▶ [What you have to do] Pull out every line below that contains the word "using".

━━━━━━━━

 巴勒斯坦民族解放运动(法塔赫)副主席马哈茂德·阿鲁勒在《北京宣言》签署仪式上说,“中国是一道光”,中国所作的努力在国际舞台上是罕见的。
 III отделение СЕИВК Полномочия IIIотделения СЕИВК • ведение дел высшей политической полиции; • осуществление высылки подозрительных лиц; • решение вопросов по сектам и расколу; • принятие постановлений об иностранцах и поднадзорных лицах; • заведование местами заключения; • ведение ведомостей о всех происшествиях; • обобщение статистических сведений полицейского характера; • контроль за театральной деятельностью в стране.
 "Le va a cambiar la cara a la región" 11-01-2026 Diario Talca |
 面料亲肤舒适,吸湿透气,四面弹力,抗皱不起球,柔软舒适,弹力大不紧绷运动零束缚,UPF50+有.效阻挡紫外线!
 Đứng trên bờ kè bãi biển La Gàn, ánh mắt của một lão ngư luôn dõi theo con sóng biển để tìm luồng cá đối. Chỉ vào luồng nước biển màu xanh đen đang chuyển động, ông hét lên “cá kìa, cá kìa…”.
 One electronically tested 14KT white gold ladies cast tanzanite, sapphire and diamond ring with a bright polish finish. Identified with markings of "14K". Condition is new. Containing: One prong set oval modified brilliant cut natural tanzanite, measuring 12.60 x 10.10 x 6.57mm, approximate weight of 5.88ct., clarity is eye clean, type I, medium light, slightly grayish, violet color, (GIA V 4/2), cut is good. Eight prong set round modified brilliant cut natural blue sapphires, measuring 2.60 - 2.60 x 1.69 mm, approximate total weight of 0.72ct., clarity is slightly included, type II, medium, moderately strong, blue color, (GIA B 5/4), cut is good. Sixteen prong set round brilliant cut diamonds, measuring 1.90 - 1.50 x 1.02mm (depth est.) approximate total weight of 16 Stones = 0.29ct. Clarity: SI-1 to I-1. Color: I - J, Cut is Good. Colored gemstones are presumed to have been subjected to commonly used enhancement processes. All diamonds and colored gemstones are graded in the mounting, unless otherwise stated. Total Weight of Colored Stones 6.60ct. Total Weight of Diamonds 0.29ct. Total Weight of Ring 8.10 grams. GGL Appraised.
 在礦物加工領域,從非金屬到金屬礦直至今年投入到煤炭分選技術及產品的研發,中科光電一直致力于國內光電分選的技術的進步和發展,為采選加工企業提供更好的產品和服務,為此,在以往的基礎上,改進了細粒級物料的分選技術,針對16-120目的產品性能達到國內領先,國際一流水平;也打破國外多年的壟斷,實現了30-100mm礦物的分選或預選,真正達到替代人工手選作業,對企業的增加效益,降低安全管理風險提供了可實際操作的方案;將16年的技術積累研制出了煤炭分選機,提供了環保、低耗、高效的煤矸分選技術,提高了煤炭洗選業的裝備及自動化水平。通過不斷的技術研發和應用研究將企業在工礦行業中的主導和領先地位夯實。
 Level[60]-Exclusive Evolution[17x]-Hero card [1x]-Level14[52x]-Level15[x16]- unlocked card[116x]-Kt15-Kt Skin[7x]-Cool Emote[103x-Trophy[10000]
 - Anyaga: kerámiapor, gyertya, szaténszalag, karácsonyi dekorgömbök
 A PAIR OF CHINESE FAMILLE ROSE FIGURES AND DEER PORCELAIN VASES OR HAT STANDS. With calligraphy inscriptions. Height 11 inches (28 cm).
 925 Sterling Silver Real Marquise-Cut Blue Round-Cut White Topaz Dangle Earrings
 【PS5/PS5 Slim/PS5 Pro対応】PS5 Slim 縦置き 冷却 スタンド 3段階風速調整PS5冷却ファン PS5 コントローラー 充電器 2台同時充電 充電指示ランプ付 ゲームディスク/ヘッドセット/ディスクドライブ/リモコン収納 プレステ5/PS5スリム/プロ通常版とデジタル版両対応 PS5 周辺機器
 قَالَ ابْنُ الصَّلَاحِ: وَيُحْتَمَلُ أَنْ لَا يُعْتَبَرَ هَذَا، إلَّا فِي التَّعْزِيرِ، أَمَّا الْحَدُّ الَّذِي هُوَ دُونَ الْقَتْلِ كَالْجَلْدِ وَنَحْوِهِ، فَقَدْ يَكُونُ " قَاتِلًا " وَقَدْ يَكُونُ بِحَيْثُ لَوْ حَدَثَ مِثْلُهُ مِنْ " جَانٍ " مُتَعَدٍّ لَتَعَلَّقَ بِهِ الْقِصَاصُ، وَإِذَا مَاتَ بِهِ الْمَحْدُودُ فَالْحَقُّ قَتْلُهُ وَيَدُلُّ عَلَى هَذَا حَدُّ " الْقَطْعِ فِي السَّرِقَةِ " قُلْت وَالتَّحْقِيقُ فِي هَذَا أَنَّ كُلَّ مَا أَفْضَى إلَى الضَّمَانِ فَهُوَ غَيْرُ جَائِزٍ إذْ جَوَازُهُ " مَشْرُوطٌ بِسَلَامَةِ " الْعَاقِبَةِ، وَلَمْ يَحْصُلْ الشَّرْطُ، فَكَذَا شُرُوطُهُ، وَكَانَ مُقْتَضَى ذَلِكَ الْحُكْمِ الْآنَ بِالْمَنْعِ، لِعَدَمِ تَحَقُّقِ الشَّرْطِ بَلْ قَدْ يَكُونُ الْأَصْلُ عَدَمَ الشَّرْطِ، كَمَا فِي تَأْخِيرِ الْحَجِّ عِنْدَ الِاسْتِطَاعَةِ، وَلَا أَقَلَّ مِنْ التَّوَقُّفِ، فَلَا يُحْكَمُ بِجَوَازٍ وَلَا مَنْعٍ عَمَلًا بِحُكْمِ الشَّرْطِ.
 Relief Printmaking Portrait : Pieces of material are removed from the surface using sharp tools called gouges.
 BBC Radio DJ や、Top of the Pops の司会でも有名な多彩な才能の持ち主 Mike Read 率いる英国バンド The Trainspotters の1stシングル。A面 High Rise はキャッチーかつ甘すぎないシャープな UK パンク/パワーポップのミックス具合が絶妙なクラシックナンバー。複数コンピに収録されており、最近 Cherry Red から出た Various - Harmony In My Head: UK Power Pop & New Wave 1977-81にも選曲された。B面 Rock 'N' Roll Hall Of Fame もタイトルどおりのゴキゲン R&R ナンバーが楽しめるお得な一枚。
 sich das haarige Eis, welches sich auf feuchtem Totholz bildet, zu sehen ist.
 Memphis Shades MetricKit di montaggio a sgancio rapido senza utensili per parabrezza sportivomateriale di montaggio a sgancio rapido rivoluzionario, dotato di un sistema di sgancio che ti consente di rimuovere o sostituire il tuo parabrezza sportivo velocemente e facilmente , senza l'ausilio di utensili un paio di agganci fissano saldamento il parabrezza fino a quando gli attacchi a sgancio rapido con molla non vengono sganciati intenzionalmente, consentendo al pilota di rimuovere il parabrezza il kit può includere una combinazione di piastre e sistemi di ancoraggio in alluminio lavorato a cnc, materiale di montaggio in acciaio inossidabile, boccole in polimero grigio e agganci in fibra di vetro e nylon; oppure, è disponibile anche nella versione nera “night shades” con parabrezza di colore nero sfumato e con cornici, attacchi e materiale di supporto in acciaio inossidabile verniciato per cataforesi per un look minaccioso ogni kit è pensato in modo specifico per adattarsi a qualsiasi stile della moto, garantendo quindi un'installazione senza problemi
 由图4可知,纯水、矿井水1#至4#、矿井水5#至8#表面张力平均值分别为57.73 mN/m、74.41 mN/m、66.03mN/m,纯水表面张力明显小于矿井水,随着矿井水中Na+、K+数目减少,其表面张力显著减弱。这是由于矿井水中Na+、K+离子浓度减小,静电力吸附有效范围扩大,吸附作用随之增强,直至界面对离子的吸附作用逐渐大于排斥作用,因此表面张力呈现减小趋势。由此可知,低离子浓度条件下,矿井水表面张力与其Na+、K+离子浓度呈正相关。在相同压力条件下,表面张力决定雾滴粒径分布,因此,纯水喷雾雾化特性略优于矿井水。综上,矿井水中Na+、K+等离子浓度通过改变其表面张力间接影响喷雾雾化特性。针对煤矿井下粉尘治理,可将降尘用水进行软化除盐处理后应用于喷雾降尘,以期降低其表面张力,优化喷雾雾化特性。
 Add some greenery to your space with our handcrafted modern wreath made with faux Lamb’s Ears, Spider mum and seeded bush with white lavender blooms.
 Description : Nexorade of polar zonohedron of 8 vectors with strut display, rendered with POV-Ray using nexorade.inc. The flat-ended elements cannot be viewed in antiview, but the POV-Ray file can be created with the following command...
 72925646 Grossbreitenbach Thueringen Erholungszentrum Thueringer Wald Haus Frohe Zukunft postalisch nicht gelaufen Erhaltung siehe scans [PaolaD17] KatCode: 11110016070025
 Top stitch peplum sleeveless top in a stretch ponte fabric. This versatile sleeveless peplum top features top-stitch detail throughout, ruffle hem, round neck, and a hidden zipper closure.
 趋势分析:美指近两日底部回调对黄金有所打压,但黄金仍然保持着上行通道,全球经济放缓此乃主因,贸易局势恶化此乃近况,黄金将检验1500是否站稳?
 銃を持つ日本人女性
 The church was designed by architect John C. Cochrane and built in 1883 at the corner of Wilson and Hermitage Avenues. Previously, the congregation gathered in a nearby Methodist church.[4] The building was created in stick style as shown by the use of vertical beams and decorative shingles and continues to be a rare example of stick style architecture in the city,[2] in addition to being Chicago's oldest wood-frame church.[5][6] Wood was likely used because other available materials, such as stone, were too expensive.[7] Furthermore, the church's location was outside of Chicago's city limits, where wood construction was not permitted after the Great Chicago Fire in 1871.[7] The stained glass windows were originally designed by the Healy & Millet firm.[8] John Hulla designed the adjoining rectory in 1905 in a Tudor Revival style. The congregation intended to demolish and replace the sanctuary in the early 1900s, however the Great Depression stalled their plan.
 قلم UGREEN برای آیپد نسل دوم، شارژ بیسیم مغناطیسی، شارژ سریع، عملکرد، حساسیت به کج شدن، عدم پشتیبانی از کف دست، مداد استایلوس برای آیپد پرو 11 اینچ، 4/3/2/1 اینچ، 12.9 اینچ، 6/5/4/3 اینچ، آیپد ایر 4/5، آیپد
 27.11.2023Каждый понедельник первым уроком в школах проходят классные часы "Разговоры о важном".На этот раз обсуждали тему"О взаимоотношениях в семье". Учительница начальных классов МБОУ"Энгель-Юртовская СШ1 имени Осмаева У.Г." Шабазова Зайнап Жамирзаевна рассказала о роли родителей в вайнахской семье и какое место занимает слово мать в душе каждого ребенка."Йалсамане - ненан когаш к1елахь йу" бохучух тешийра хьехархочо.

━━━━━━━━

▶ [Solution]
 Relief Printmaking Portrait : Pieces of material are removed from the surface using sharp tools called gouges.
 Description : Nexorade of polar zonohedron of 8 vectors with strut display, rendered with POV-Ray using nexorade.inc. The flat-ended elements cannot be viewed in antiview, but the POV-Ray file can be created with the following command...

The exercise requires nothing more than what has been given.